It’s been a busy week on the food front: The anti-biotech crowd successfully stymied further progress in European agriculture technology. Nutrition nanny Kelly Brownell declared that he’s not ready to give up on the wildly unpopular “obesity tax.” The Village Voice called animal rights activists out on a fatty liver conspiracy claim. And we put a new study about dietary history in perspective by flipping through the 1953 edition of a classic cookbook. But that’s not all that happened this week in food fights.
On the obesity front, Mel Tuttle sounded off in North Carolina’s News and Observer after a nurse called attention to her daughter’s body mass index (BMI):
Excuse me? Did you really just say that my 4-year-old daughter is fat?…
Perhaps instead of focusing so much on the obesity rate we should focus our attention on teaching all kids how to be healthy by making good food choices, exercising regularly, and most importantly, loving themselves for who they are.
Using BMI to tell me my daughter is overweight is ludicrous to me.
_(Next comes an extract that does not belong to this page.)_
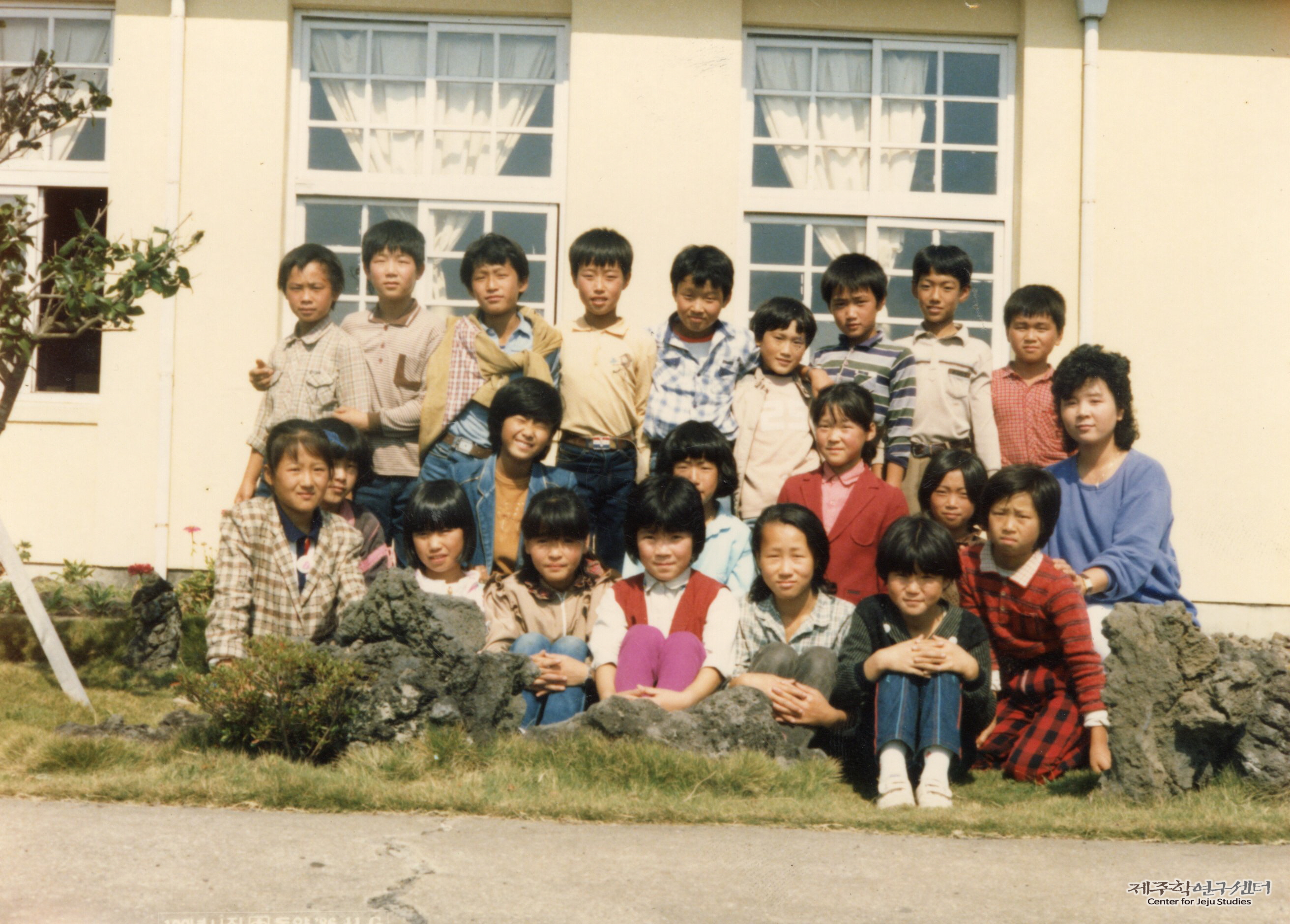 소장자 전경순 씨 딸이 물메초등학교 5학년 때 담임 선생님과 같은 반 학생들이 모여 찍은 사진이다. 지금과 달리 학교는 흰색 페인트로 색칠되어 있고 그 앞에 꽃밭이 조성되었다고 한다. 당시 한 반에 20명 남짓 인원이었고 남녀 합반이었다고 한다.

Ludicrous to us, too. The BMI — a simplistic measure of height and weight that many use to classify people’s health — ignores muscle mass. Meaning Tuttle’s children could be as fit as Brad Pitt or as athletic as LeBron James and still be considered overweight or obese.
Across the pond, British officials sought to escort people around supermarkets in order to point out what they should’t be eating. But the health bosses ran into a small problem: No one showed up.
Susie Squire, of the TaxPayers’ Alliance, said:
This is a ridiculous waste of taxpayers’ money and a prime example of government nannying.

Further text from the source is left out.